La Lega guarda con interesse a quanto accade oltre i confini regionali verso nord: in Lombardia e Veneto iI prossimo 22 ottobre si svolgeranno i referendum per una maggiore autonomia regionale (ai sensi dell’articolo 116 della Costituzione) e vorrebbero agganciare il treno autonomista: oltre all’indipendenza della Romagna infatti vorrebbero indire un secondo referendum che garantisca più autonomia alla Regione. «È evidente che l’espressione favorevole della popolazione regionale su entrambi i quesiti è condizione ritenuta indispensabile e necessaria per l’assunzione di un provvedimento specifico dell’Assemblea che richieda l’attribuzione di ulteriori forme e condizioni particolari di autonomia nelle materie individuate dalla stessa assemblea».

Il presidente Stefano Bonaccini boccia l’idea di scissione: «Siamo la prima Regione per crescita del Paese e quella con il maggior tasso di occupazione. Separati saremmo tutti più deboli, mentre la nostra forza sono le eccellenze da Piacenza a Rimini. Quella della Lega è una proposta irresponsabile». Ma sull’altro fronte ha annunciato, qualora l’assemblea legislativa regionale sia d’accordo, di voler intraprendere l’iter di richiesta direttamente al Governo saltando il referendum di maggiori autonomie per gestire, con risorse certe, materie fondamentali per l’ulteriore crescita sociale ed economica dei propri territori in quattro aree strategiche: lavoro, istruzione e formazione; impresa, ricerca e sviluppo; sanità e welfare; ambiente e territorio.

La giunta regionale nella seduta del 28 agosto ha approvato il documento di indirizzi per l’avvio del percorso necessario al riconoscimento di una maggiore autonomia per l’Emilia-Romagna. La Regione punta così a un rafforzamento dell’autogoverno del sistema territoriale per poter gestire direttamente – e con risorse certe – politiche e provvedimenti nelle quattro aree strategiche.

In linea con Bonaccini anche Andrea Corsini, ravennate e assessore regionale: «Trovo davvero surreale parlare oggi di spaccare una delle locomotive del Paese e dell’Europa per un tornaconto politico ed elettorale. È indubbio che sul piano culturale, del sentire comune e dell’orgoglio tipico dei romagnoli, la proposta della Lega può suscitare interesse in larghe fasce della popolazione». Corsini guarda non alla Regione Romagna ma piuttosto all’Area Vasta «per aumentare gli investimenti ad esempio su sanità e infrastrutture, proseguendo l’azione che ci ha visto protagonisti negli anni di grandi innovazioni nel governo e nella gestione di politiche e servizi di ambito extra provinciale». Visto che «la mancata vittoria del Sì al referendum costituzionale ha lasciato le attuali Provincie in mezzo al guado e tutta l’architettura istituzionale ha necessità di essere ripensata», allora nel breve-medio periodo «l’obiettivo dovrebbe essere la Provincia unica della Romagna».

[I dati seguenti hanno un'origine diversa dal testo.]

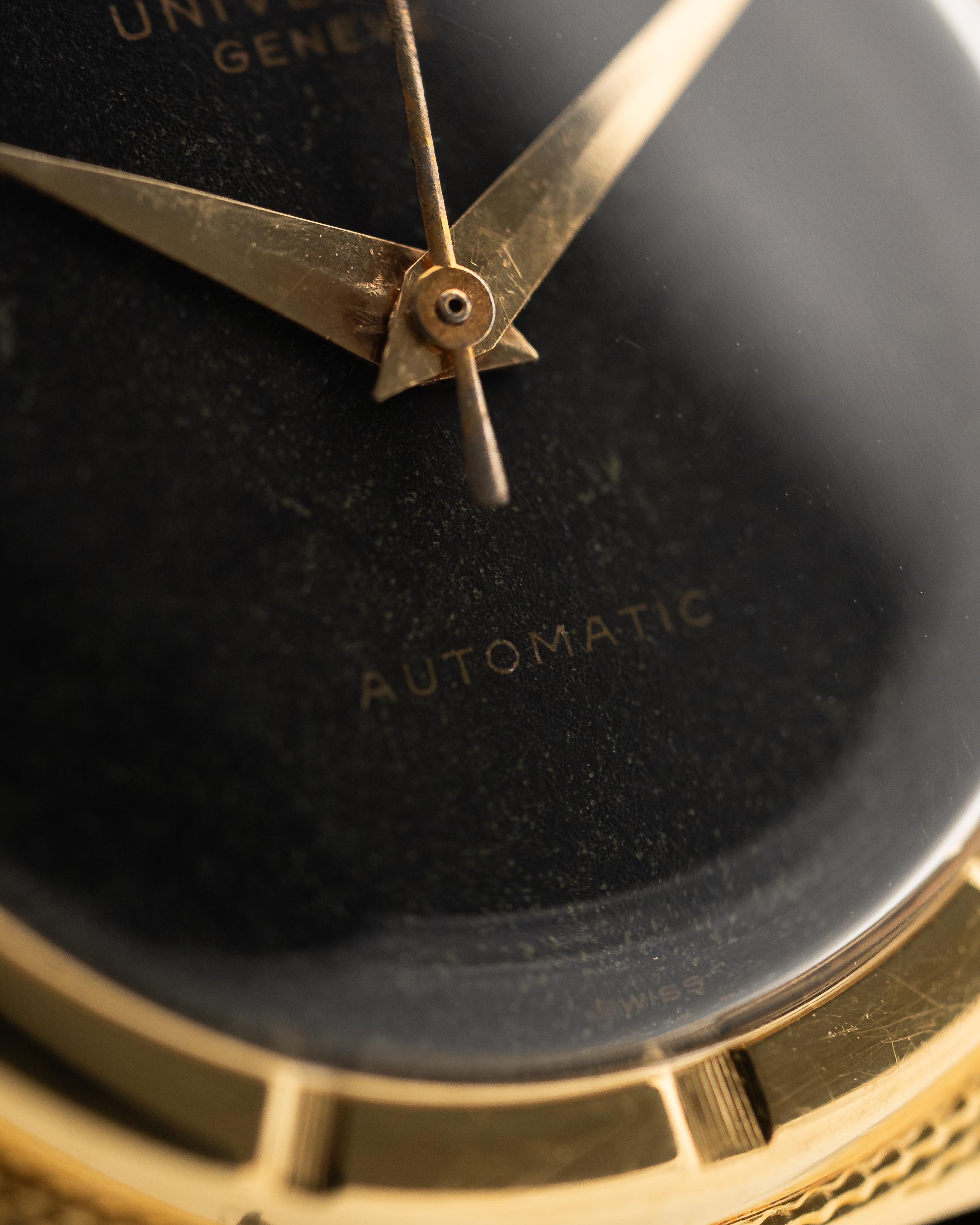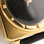 Diese Universal Genéve Square aus 18k Gelbgold ist etwas ganz Besonderes, das Sie nicht oft an anderen Handgelenken sehen werden. Sie wurde nur über einen Zeitraum von 7 Jahren Mitte der 1950er Jahre hergestellt. Sie weist einige Elemente der Polerouter auf, wie zum Beispiel die Lünette, die nicht wie üblich auf dem Zifferblatt triumphiert, sondern auf dem quadratischen Gehäuse aus 18k Gelbgold mit seiner filigranen Hobnail-Verarbeitung. Dieses Designdetail verströmt eine andere Art von Magie und schafft eine überraschende Präsenz am Handgelenk.
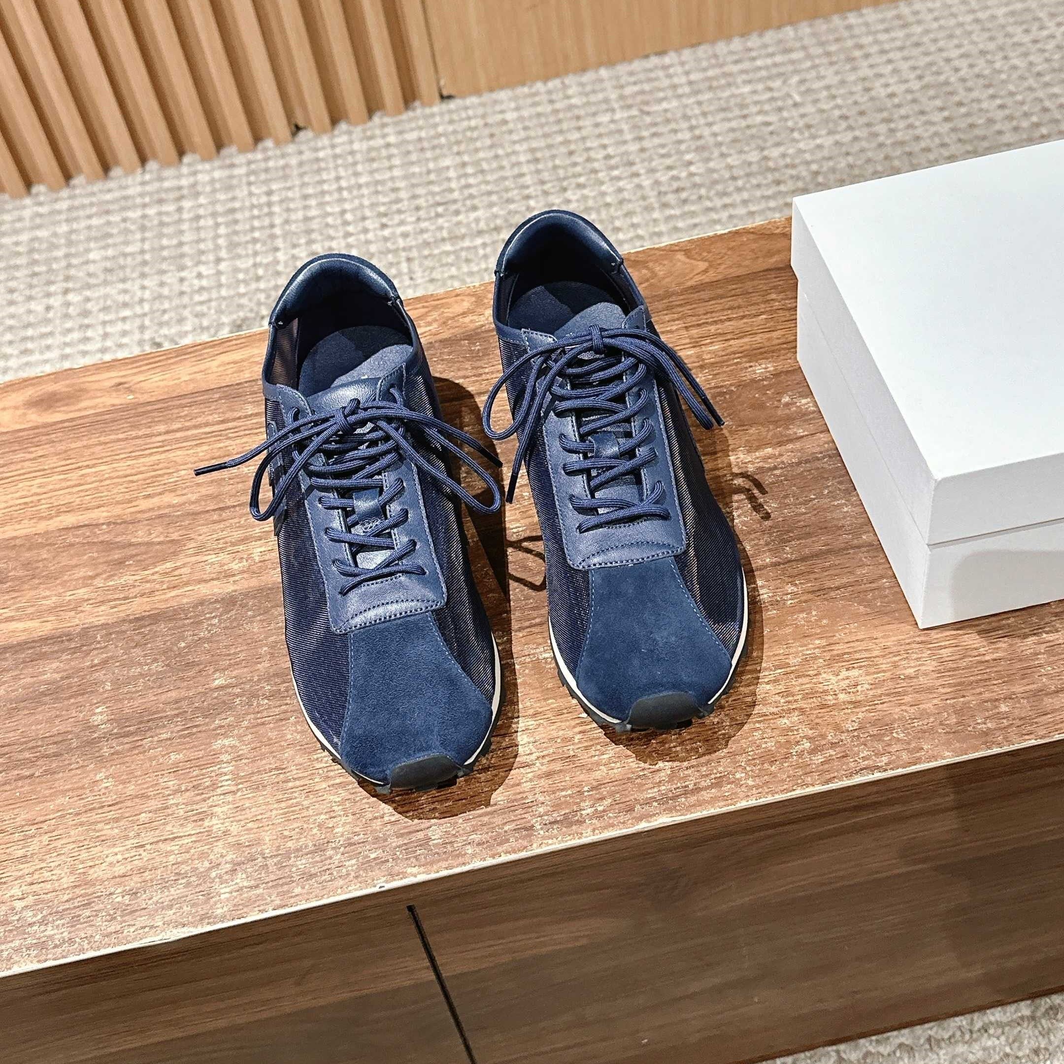The Row Sneakers Navy Blue Mesh And Cowhide 330593
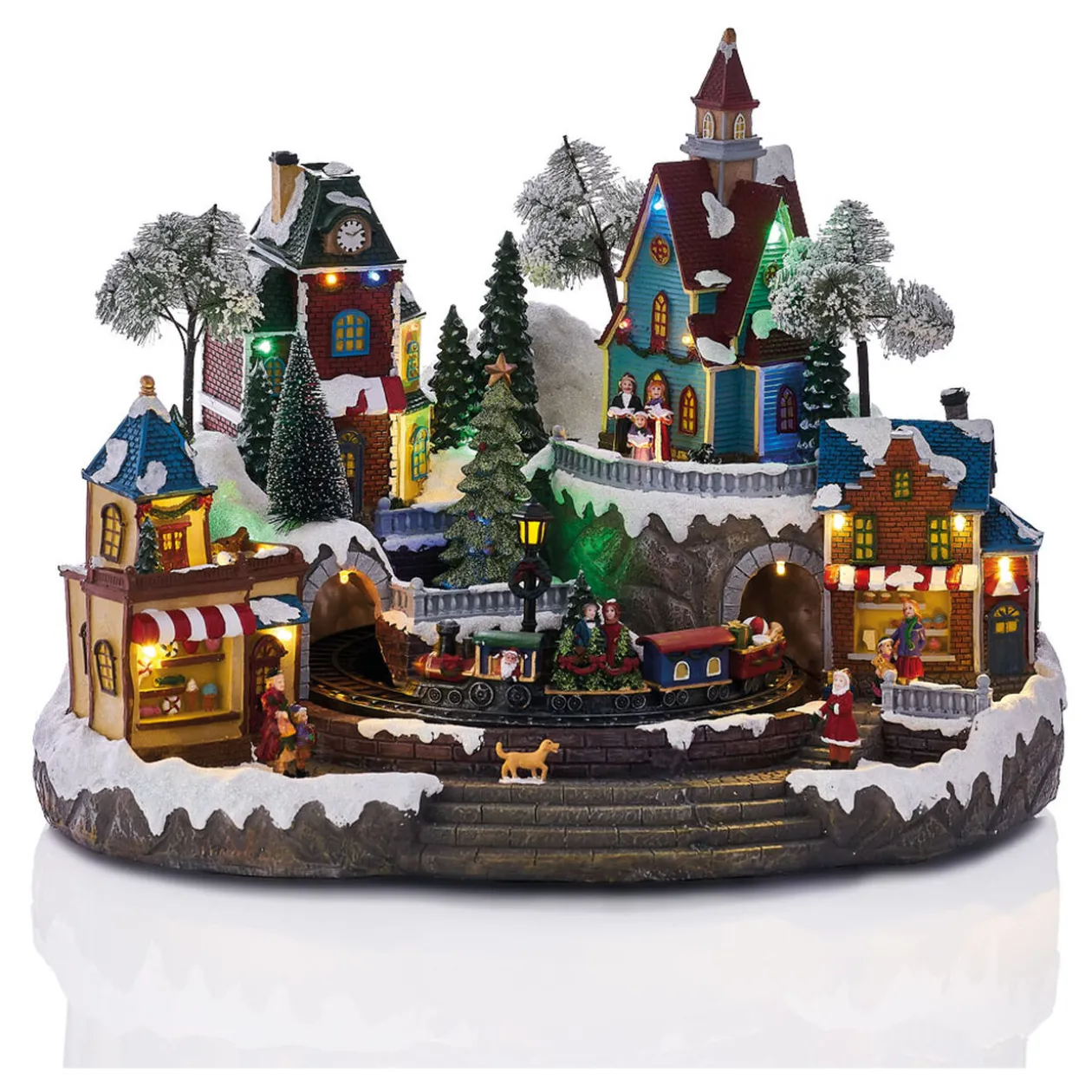 Créez une ambiance festive joyeuse dans votre intérieur en y ajoutant ce village animé musical et lumineux. Il est doté de 30 lampes LED qui illuminent les maisons et la petite épicerie complétant le décor. Un train et des sapins s’y trouvent aussi. Les sapins tournent sur eux-mêmes tandis que le train, en suivant le rythme de la musique, tourne autour du village, en passant par les tunnels.
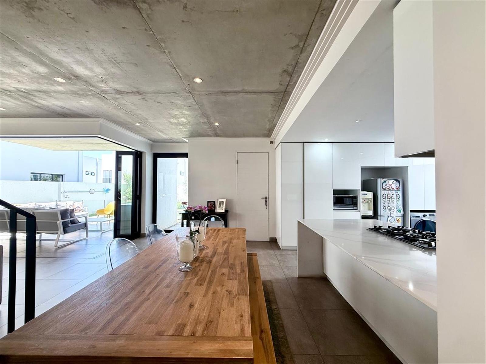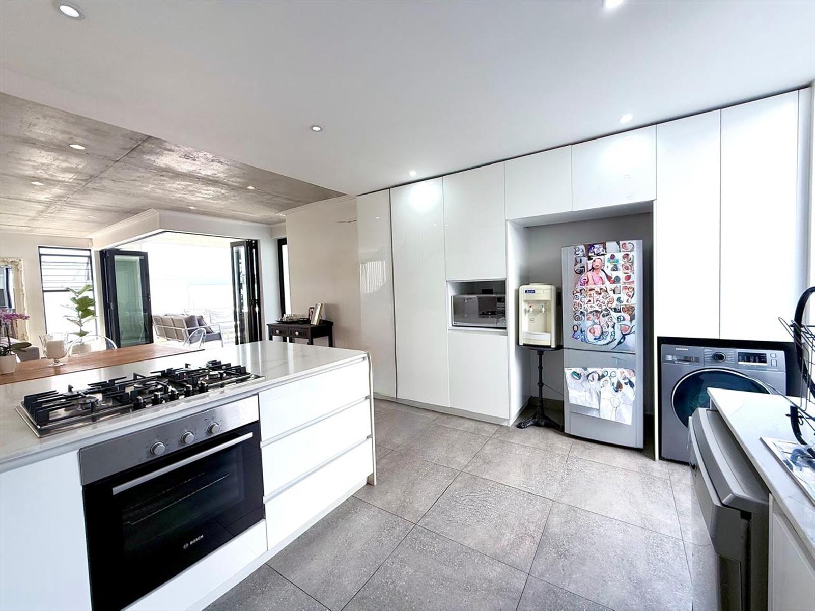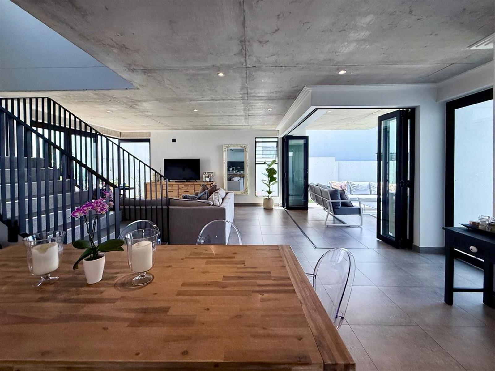 The light, airy open plan living area integrates the modern seamless kitchen harmoniously with the dining and lounge areas leading onto the covered patio with a built- in braai, pool, and garden.
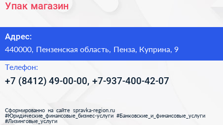 Упак, магазин по адресу 440000, Пензенская область, Пенза, Куприна, 9 в дальнейшем Организация, размещена в следующих категориях:
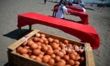 Panitia menyiapkan meja dan telur ayam untuk puncak perayaan Peh Cun 2023 di Pantai Parangtritis, Yogyakarta, Kamis (22/6/2023). Perayaan Peh Cun digelar rutin setia tahun pada Tanggal 5 Bulan 5 penanggalan Lunar atau Imlek. Pada perayaan ini warga Tionghoa mengucapkan syukur pada musim kemarau sekaligus mengenang negarawan Tiongkok, Qy Yuan sebagai orang yang pandai dan jujur mengabdi pada negaranya. Saat upacara didahului dengan berdoa bersama dan kemudian bersama-sama mencoba mendirikan telur pada di atas meja. (FOTO : Republika/Wihdan Hidayat)
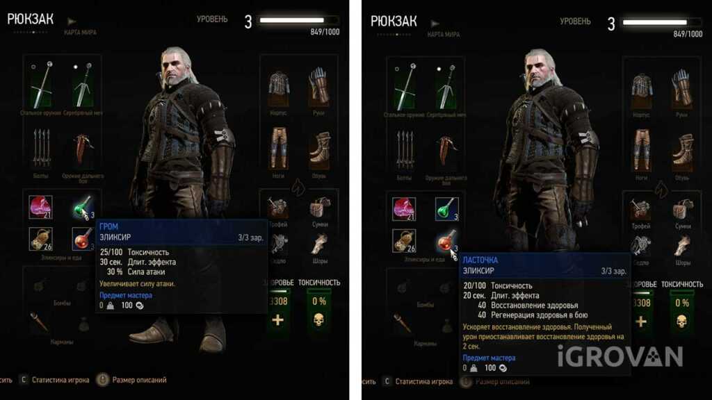 На старте игры самыми полезными эликсирами будут: Ласточка, Гром и Кошка.
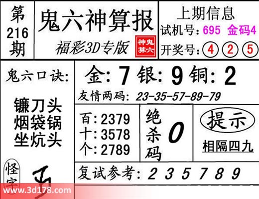 3d第18216期鬼六神算报为您推荐鬼六口诀:
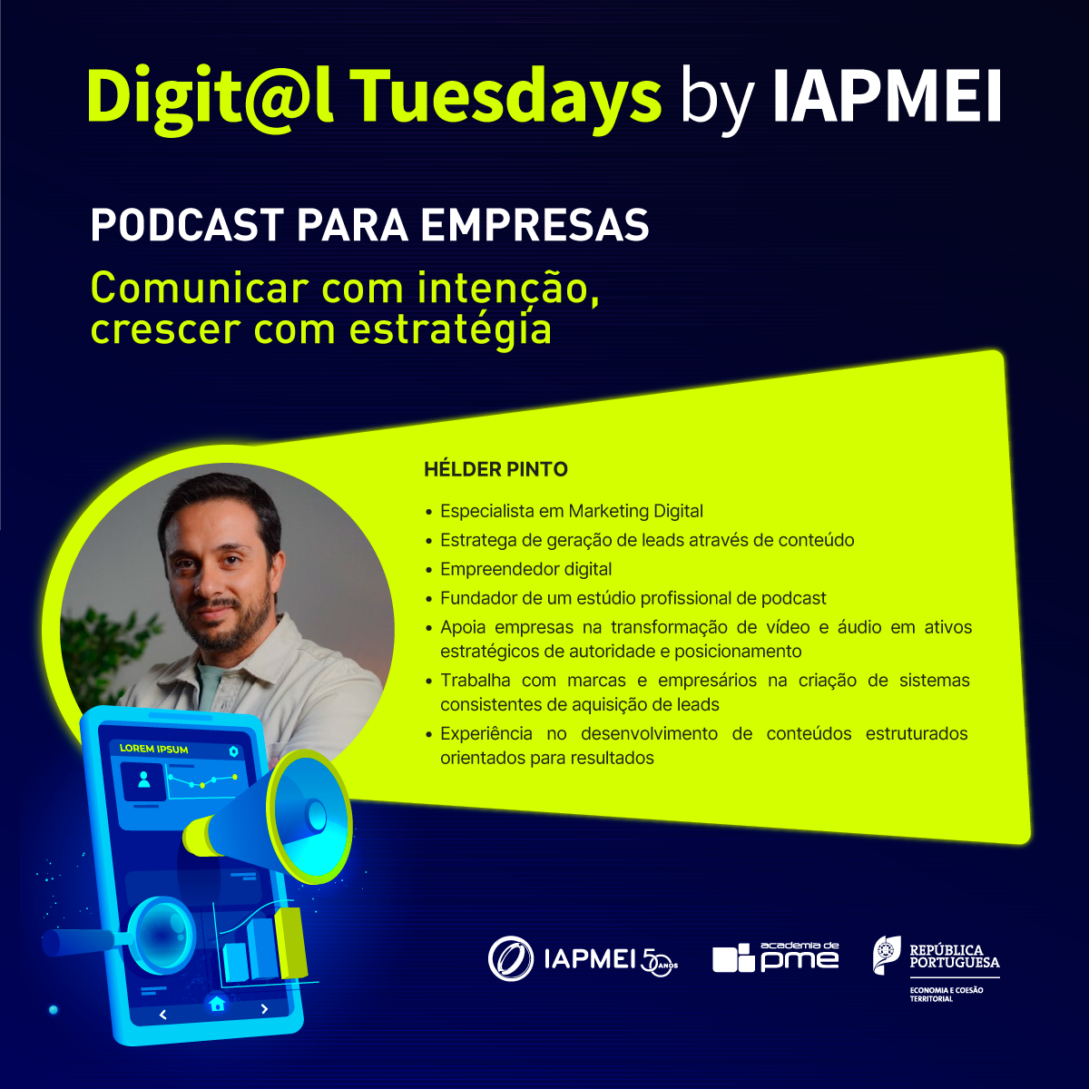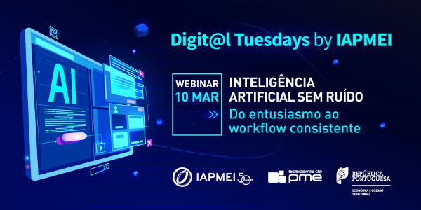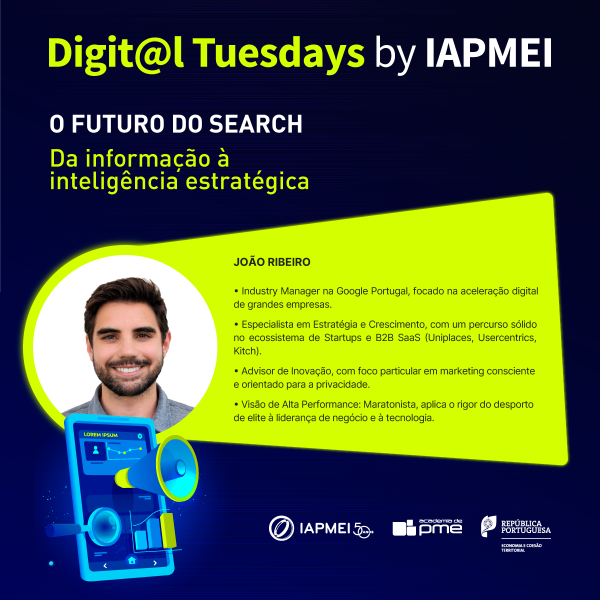Foi em 2023 que o IAPMEI começou a promover o ciclo de webinars “Digit@l Tuesdays”, um conjunto de sessões dirigidas a empreendedores e representantes de PME, com o objetivo de abordar os conceitos, as aplicações e os desafios de várias temáticas do ambiente digital relevantes para o desenvolvimento e sustentabilidade dos negócios.
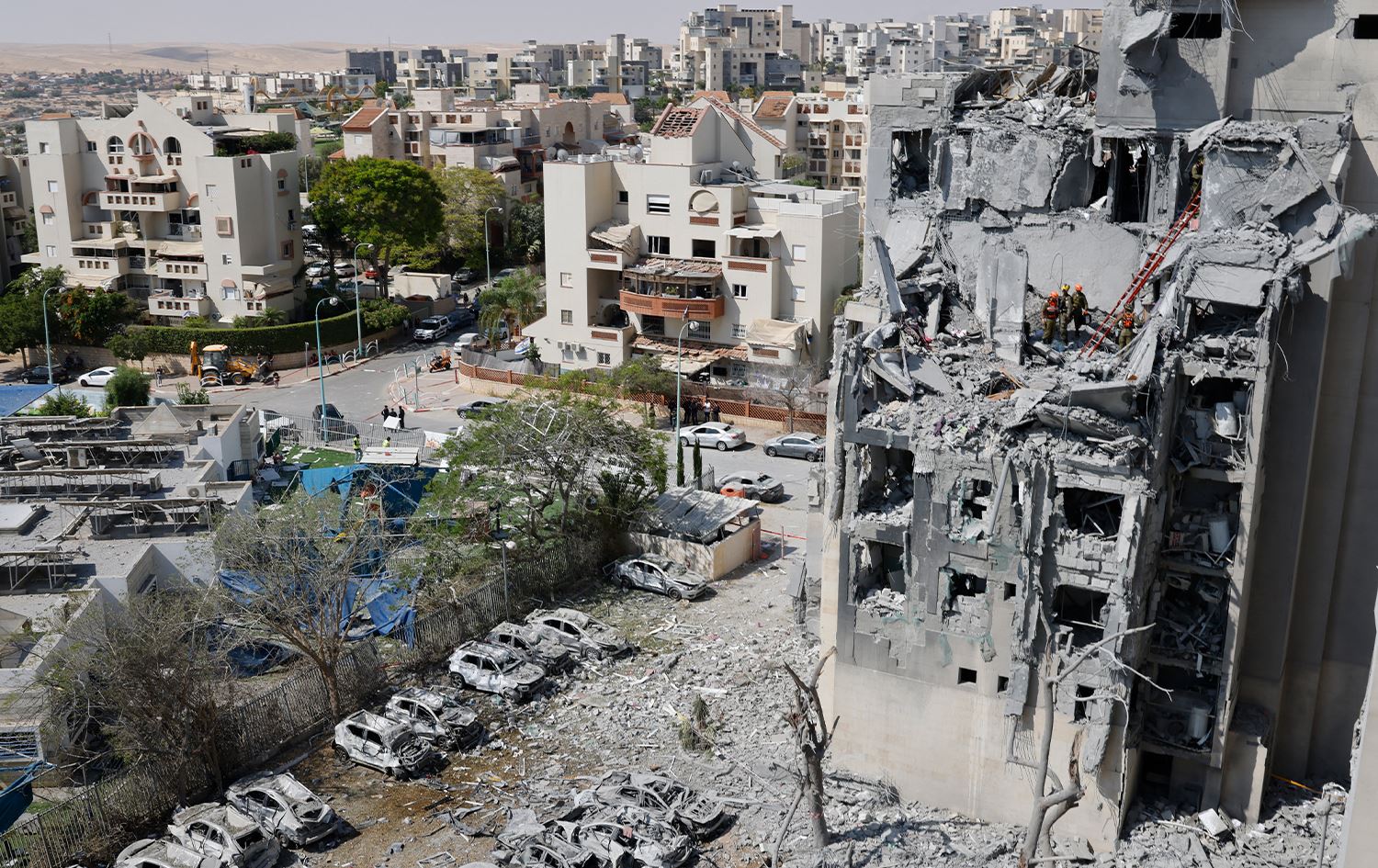Emergency workers check the damage caused to a building from an Iranian missile strike in Beersheba in southern Israel on June 24, 2025. Photo: AFP

Il Movimento 5 Stelle cammina sullo stesso sentiero in corso in Lombardia e Veneto. In buona sostanza, a parere dei consiglieri, la legittimazione per potenziare l’autonomia della Regione non può che passare attraverso un referendum consultivo e solo in caso di esito positivo il presidente della Regione acquisirà la legittimazione dai cittadini ad agire in tal senso.